Assignment: Each line below from the line with "PPQ 40W Portable" to the line with "さっと羽織るだけで旬のクラシ" must be copied exactly, including those two, and no picture may appear in the copy.

[Data extracted from a collection]

■ ■ ■

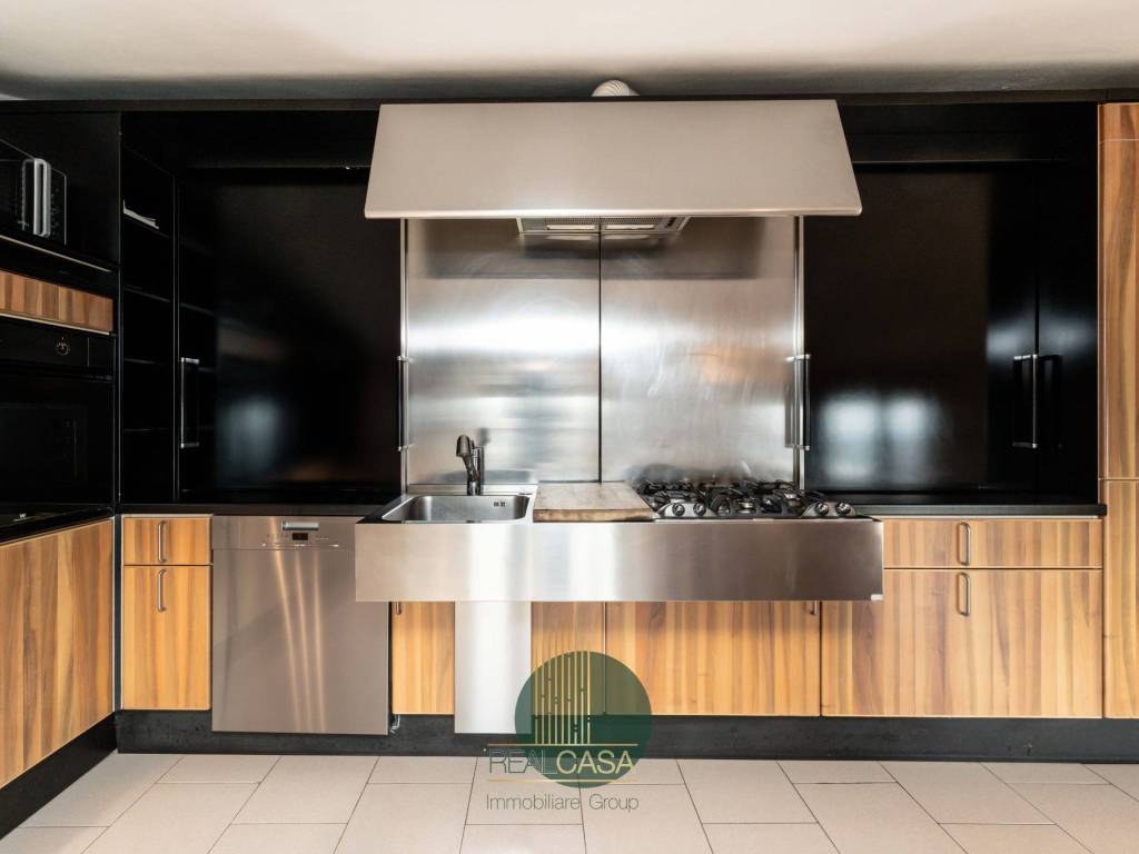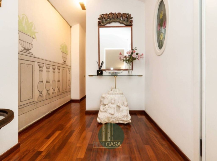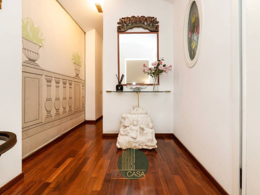 L’appartamento si svilluppa su un unico livello abitativo al quale si accede tramite una comoda scalinata, il tutto così composto: ampio ingresso che conduce a un soggiorno ben progettato con zona relax e una sala da pranzo direttamente collegata a un’ampia cucina con arredi su misura e fuzionali; da tutta la zona giorno si accede al terrazzo di 100mq con vista sul parco e piscina condominiale.
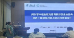 在研究生汇报专场中,英国365官网农业资源与环境团队硕士生江欣、马宏财、冯超越、马惠玲、朱惠玉分别就“间作草本植物驱动葡萄根际微生物重构促进土壤碳氮积累与氮利用效率提升”、“钾肥与锰肥对“宁杞10号”光合、抗氧化酶活性及品质的影响”、“羧甲基纤维素是一种可改善盐碱地水分入渗并提高作物产量的新型土壤改良剂”、“酿酒葡萄叶片缺铁性黄化及修复机制研究”、“土壤钙形态、时空吸收和分配揭示了碱性葡萄园生态系统的营养驱动因素”内容做了汇报。
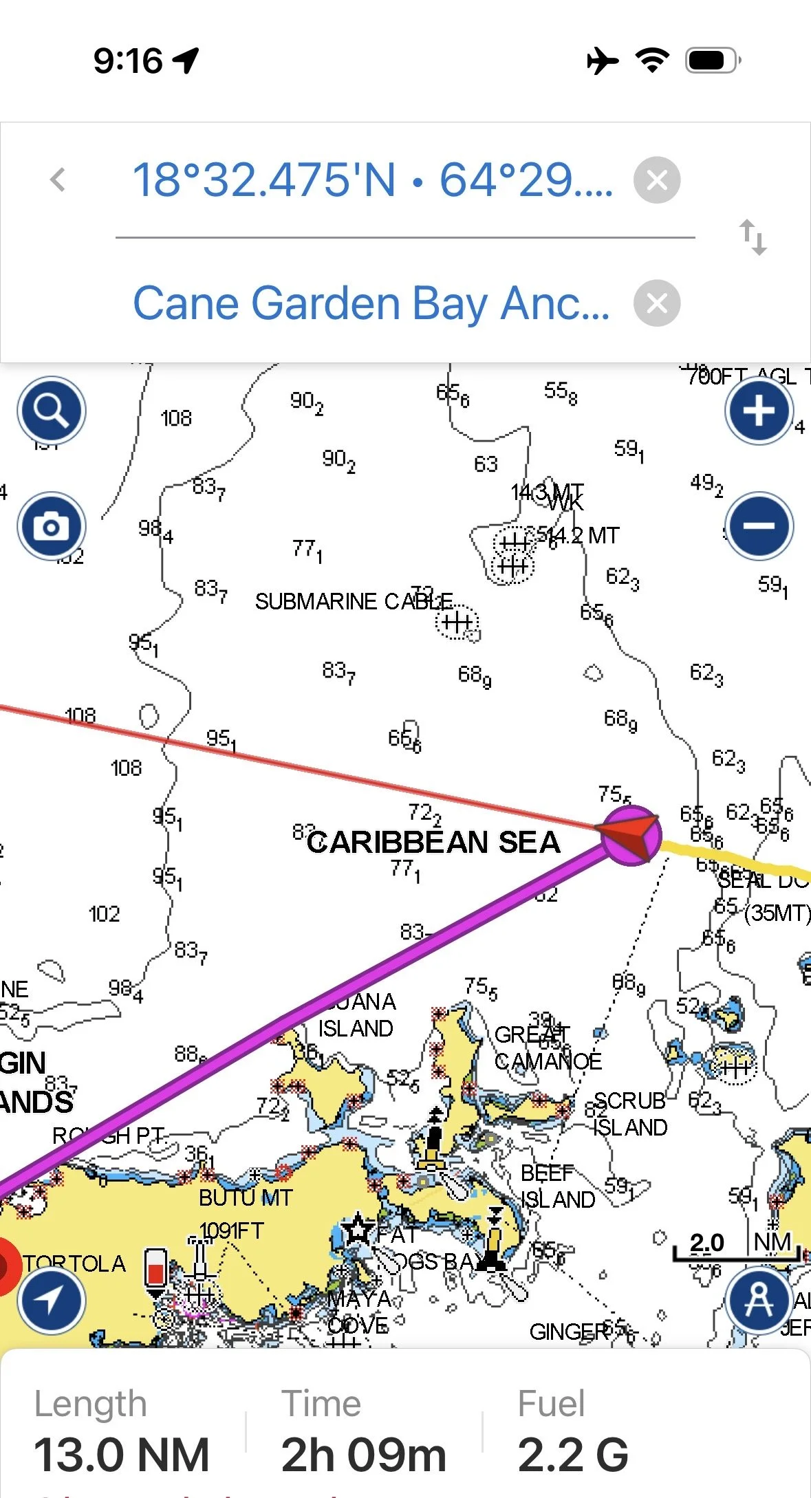 As I mentioned we do not always get wind from the right direction. The magenta line is the course to Cane Garden Bay. The thin orange line is our heading.
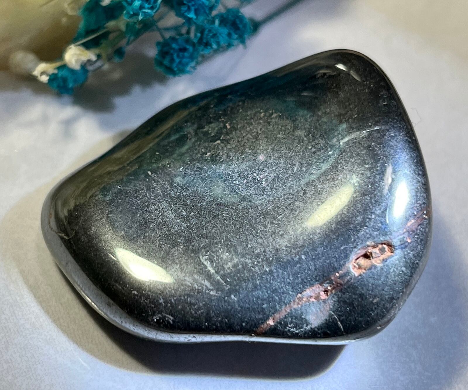 黒色の金属光沢に輝くヘマタイトのタンブルです。
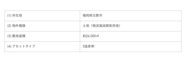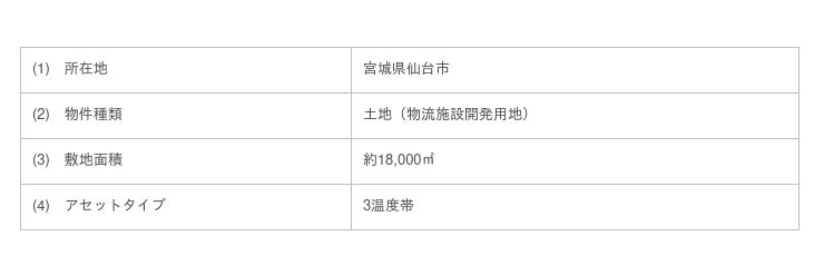 宮城県仙台市プロジェクトと福岡県古賀市プロジェクトは、それぞれ開発SPCである合同会社LOGI FLAG 6号、合同会社LOGI FLAG 7号への売却を予定しており、当社はこれらプロジェクトが開発フェーズに移行するタイミングで合同会社LOGI FLAG 6号および合同会社LOGI FLAG 7号それぞれとアセットマネジメント契約を締結し、物流施設開発(開発、運用、売却等)に係るマネジメント業務を受託予定です。
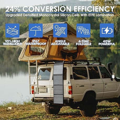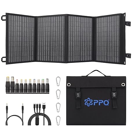 PPQ 40W Portable Solar Panel Kit 18V/2.2A,3lb Foldable Briefcase Solar Charger w/ 24% Efficiency,2 Cables & 14 Outputs for All Phones, Pads, Camping Power Banks, IP67 Waterproof
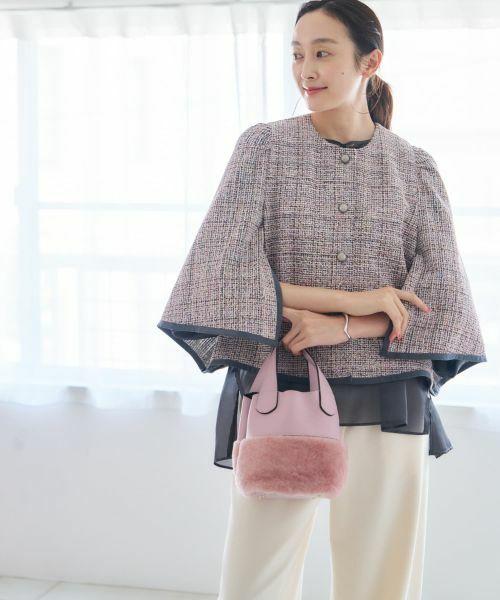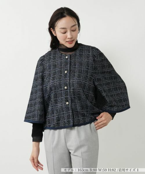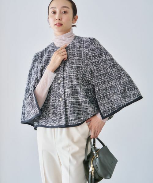 さっと羽織るだけで旬のクラシカルスタイルが完成する、ケープ風シルエットのジャケット。繊細なラメを織り込んだ生地が上品な華やかさを演出し、裾にあしらわれたパイピングが全体の印象を引き締めます。カーディガンのように軽やかに羽織れるやや薄手素材ながら、きちんと感もしっかりとキープ。すっきりとしたノーカラーはハイネックのトップスやブラウスとも好相性です。きれいめな着こなしはもちろん、デニムと合わせてカジュアルダウンするのもおすすめ。
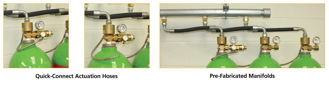 Compared with other high pressure inert gas systems, our series 400 valve regulates flow and pressure to allow the use of Schedule 40 piping for many applications. Installation time and labor costs are further reduced with the use of pre-fabricated manifolds, quick-connect actuation hoses and electrical connectors.
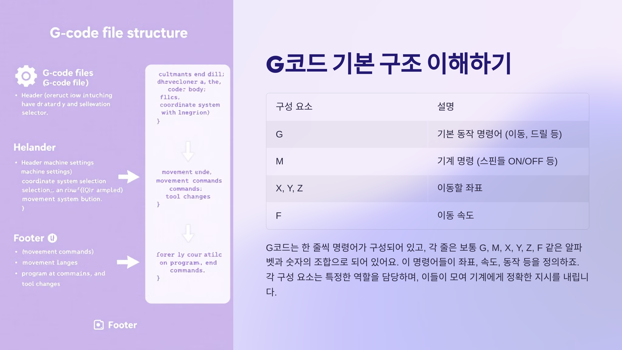 G코드는 한 줄씩 명령어가 구성되어 있고, 각 줄은 보통 G, M, X, Y, Z, F 같은 알파벳과 숫자의 조합으로 되어 있어요. 이 명령어들이 좌표, 속도, 동작 등을 정의하죠. 아래 표는 가장 기본적인 구성 요소들을 설명한 거예요.
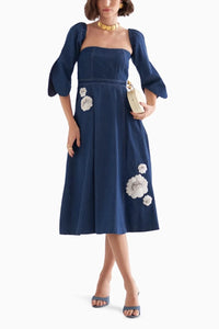 This denim calf-length midi tube dress is adorned with intricate hand embroidery, offering a touch of elegance. It features detachable 3/4th sleeves with slits and elastic for versatility. The contrast piping, stitch line detailing, and side pockets enhance its design, while the fit-and-flared silhouette ensures comfort and style.
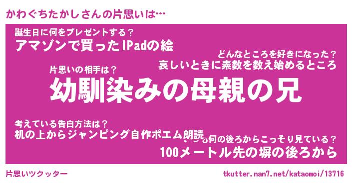 | 女子向けラノベタイトル風あだ名 | 『(仮)かわぐちたかしのやんごとなき事情』 |
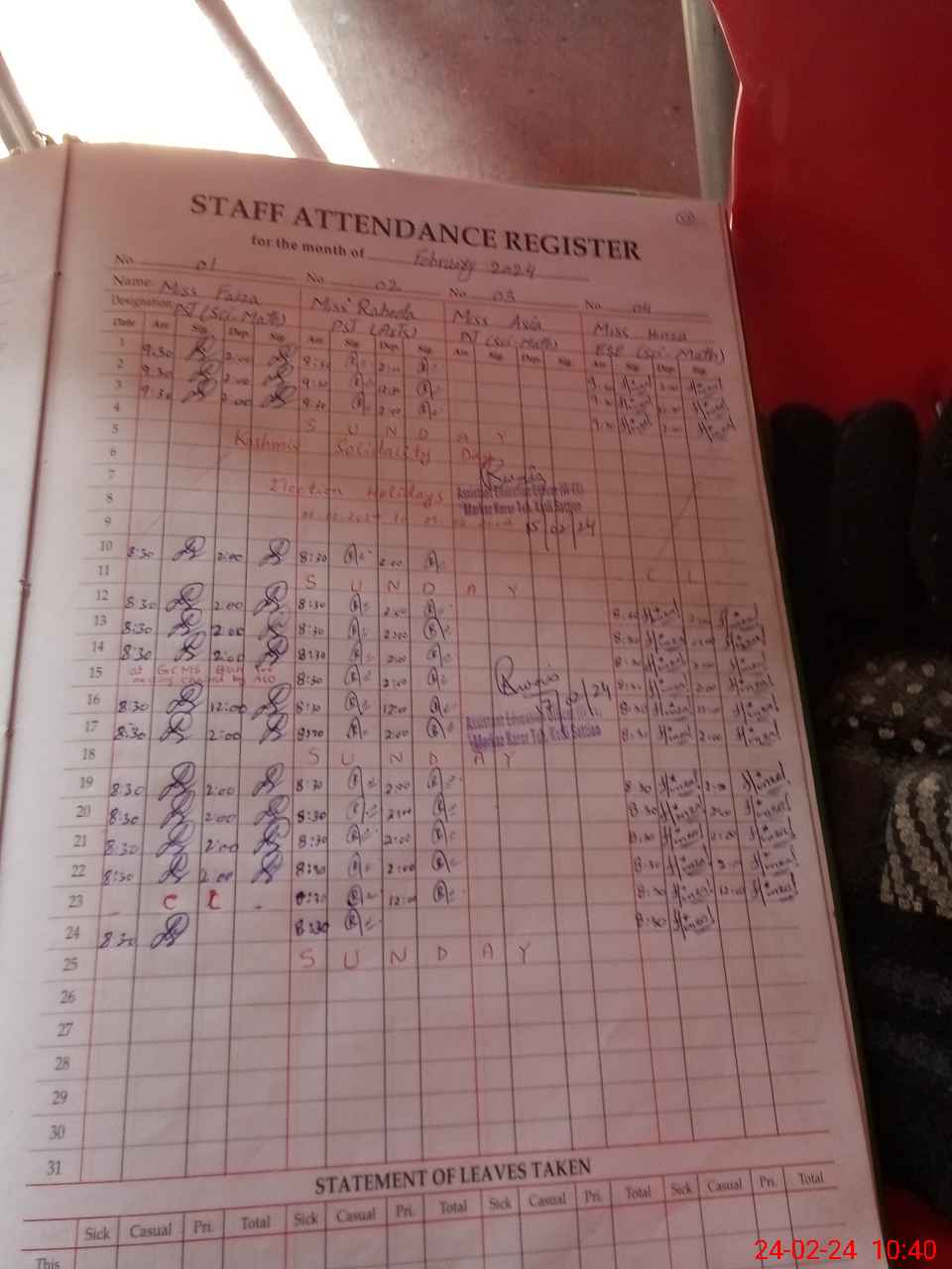 | Remarks (Use Separate Page if Required): Teacher Hinza Hafeez not tage on sis she is present in school Nsb not updated on sis | |||||
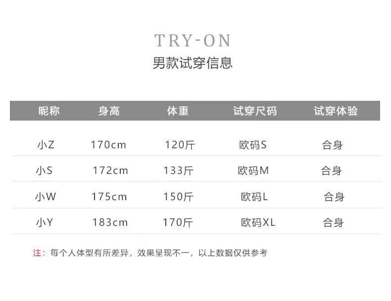 • 유럽 코드 S (국내 M 165-170cm 52.50 kg-62.50 kg
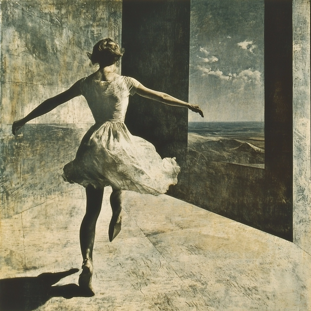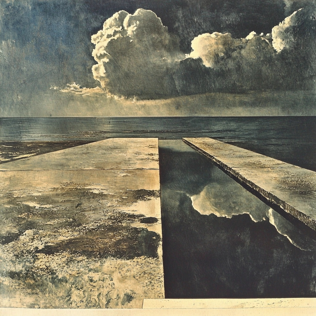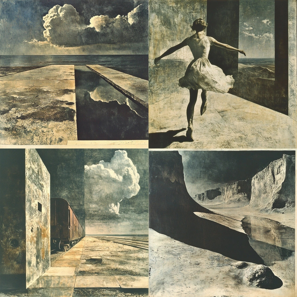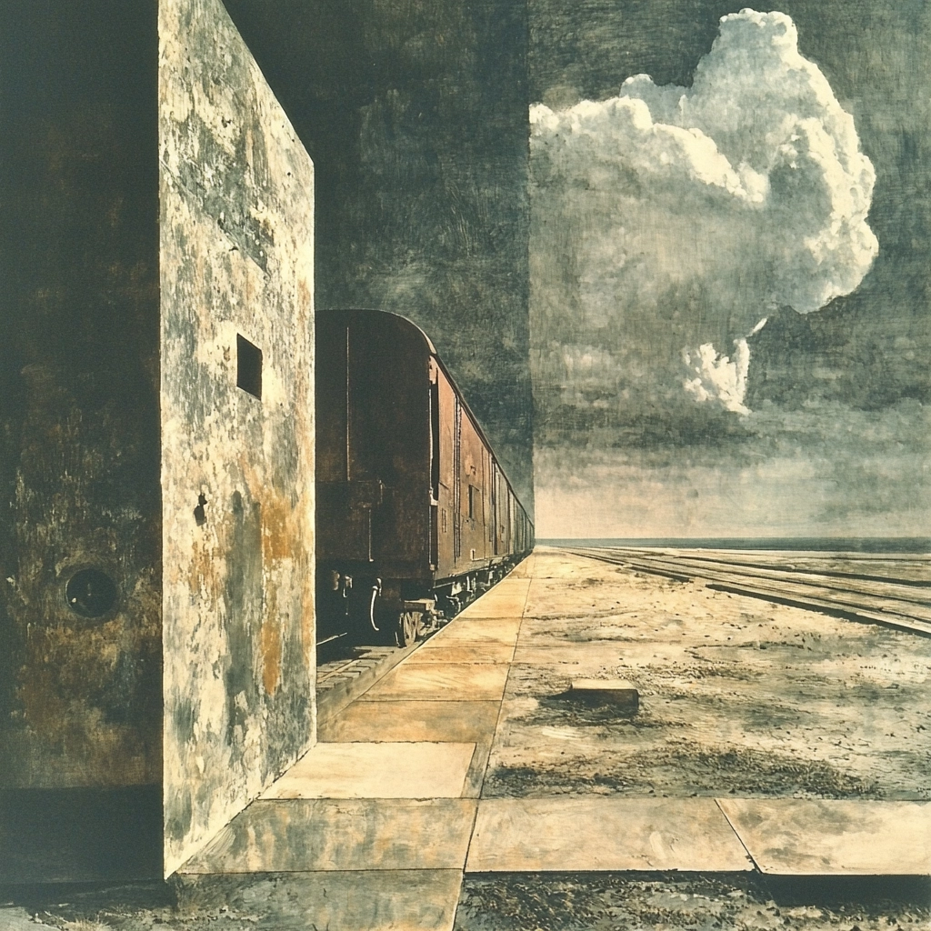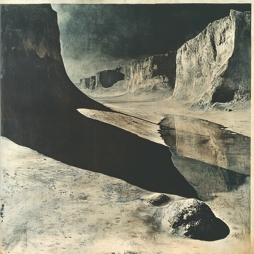 The lighting emphasizes dramatic contrasts, creating deep shadows and highlights. The palette consists of muted grays and beiges that evoke a weathered texture. Layers of space are suggested by strong shadow play, adding to a visually dynamic composition.
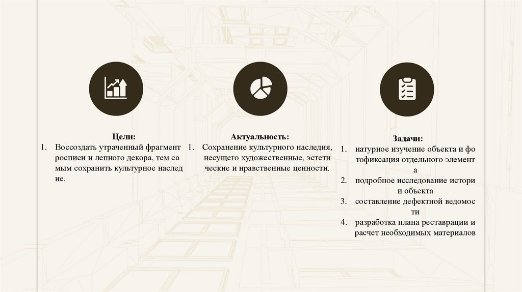 1. Воссоздать утраченный фрагмент 1. Сохранение культурного наследия, 1. натурное изучение объекта и фо
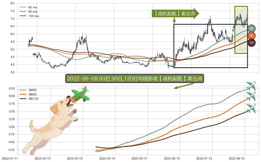 形态多维评估: ⚀ 2022-03-25日-2022-08-12日显现 60日-90日-120日均线 【战机起航】卖出点 看空信号,后市看跌,卖出

■ ■ ■

Task output:
 PPQ 40W Portable Solar Panel Kit 18V/2.2A,3lb Foldable Briefcase Solar Charger w/ 24% Efficiency,2 Cables & 14 Outputs for All Phones, Pads, Camping Power Banks, IP67 Waterproof
 さっと羽織るだけで旬のクラシカルスタイルが完成する、ケープ風シルエットのジャケット。繊細なラメを織り込んだ生地が上品な華やかさを演出し、裾にあしらわれたパイピングが全体の印象を引き締めます。カーディガンのように軽やかに羽織れるやや薄手素材ながら、きちんと感もしっかりとキープ。すっきりとしたノーカラーはハイネックのトップスやブラウスとも好相性です。きれいめな着こなしはもちろん、デニムと合わせてカジュアルダウンするのもおすすめ。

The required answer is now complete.